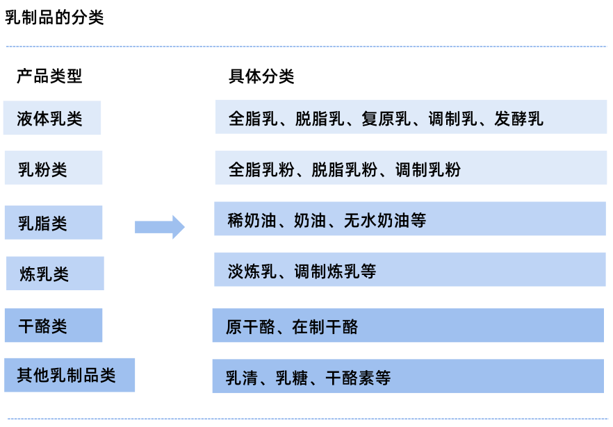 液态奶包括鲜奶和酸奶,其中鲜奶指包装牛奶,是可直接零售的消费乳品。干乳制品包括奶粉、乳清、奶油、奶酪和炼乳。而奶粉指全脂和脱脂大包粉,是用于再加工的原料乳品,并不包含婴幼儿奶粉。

---

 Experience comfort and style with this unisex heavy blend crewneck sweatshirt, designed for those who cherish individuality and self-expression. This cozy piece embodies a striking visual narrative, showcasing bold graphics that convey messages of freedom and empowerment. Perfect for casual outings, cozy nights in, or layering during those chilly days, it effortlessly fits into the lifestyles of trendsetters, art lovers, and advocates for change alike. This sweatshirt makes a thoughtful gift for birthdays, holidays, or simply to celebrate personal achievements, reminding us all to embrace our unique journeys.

--

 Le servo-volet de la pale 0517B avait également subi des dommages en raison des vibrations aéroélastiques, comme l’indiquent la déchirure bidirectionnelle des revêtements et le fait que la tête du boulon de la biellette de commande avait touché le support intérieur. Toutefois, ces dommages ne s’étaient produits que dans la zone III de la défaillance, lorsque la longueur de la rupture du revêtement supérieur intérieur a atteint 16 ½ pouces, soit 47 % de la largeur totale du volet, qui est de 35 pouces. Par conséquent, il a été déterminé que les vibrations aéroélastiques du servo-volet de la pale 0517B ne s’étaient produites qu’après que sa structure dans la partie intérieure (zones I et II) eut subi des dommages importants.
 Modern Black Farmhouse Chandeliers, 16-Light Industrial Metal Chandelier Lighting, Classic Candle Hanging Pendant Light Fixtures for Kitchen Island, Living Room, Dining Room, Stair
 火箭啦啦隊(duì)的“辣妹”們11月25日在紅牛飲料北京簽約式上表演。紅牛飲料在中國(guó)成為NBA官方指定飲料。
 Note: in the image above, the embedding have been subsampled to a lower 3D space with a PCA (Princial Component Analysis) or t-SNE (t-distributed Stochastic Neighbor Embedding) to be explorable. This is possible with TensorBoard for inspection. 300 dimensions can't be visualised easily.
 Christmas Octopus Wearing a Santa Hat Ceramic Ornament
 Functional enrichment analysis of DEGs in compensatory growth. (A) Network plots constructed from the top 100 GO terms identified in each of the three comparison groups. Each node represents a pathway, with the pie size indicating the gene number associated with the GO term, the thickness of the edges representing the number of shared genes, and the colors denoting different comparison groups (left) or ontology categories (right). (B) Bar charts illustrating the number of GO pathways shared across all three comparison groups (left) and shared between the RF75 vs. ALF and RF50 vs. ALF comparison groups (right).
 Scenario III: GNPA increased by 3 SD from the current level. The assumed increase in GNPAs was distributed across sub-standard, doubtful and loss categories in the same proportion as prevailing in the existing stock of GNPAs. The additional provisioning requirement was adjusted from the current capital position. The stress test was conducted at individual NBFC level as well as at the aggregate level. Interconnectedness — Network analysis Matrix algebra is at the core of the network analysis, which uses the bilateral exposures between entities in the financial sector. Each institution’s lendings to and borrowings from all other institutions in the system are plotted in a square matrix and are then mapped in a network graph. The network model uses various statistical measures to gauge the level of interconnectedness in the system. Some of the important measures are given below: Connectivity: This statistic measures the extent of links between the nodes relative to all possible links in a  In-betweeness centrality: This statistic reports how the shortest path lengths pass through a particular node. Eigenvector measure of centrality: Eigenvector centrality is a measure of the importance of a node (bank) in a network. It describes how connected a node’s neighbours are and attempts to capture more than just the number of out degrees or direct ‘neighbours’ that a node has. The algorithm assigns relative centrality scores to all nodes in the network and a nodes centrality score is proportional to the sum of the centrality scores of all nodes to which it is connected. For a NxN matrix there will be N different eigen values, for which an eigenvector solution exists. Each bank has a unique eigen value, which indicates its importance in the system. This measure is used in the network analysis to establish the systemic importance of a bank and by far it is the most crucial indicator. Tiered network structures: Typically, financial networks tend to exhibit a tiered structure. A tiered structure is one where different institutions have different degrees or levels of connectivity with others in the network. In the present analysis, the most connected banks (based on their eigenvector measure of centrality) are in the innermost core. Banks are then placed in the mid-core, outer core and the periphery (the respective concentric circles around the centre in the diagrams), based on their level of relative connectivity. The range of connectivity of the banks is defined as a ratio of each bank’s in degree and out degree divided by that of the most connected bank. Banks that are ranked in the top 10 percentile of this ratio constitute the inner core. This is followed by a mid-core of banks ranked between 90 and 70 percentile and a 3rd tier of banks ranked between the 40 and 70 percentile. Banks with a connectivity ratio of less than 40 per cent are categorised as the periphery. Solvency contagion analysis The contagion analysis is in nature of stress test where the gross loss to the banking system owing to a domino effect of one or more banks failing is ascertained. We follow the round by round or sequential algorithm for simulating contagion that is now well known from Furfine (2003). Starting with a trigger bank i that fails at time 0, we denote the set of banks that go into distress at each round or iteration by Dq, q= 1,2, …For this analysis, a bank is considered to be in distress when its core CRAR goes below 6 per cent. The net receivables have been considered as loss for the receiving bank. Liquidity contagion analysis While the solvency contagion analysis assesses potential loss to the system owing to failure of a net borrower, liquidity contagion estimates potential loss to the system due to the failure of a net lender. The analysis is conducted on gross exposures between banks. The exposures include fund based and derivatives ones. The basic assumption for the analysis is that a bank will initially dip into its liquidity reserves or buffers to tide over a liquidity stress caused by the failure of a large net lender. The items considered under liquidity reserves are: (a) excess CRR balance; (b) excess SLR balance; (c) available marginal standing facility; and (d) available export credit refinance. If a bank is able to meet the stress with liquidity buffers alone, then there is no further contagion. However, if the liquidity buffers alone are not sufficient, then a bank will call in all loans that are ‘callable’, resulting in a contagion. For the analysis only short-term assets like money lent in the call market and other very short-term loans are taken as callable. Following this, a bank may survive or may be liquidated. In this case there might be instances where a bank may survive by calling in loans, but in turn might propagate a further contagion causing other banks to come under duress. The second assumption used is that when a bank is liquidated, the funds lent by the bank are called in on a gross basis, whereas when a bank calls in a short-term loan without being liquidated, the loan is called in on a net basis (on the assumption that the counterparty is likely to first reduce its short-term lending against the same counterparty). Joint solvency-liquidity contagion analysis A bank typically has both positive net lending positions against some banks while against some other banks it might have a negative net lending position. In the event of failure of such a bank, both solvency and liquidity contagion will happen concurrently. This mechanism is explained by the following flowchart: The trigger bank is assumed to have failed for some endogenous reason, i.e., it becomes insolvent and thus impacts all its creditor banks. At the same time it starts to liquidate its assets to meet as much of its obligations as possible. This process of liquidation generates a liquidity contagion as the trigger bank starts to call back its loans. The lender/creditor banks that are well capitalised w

* Task:
Given the records above, restate word for word only the lines starting at the one with "Christmas Octopus Wearing" and ending at the one with "Functional enrichment analysis".

* Response below:
 Christmas Octopus Wearing a Santa Hat Ceramic Ornament
 Functional enrichment analysis of DEGs in compensatory growth. (A) Network plots constructed from the top 100 GO terms identified in each of the three comparison groups. Each node represents a pathway, with the pie size indicating the gene number associated with the GO term, the thickness of the edges representing the number of shared genes, and the colors denoting different comparison groups (left) or ontology categories (right). (B) Bar charts illustrating the number of GO pathways shared across all three comparison groups (left) and shared between the RF75 vs. ALF and RF50 vs. ALF comparison groups (right).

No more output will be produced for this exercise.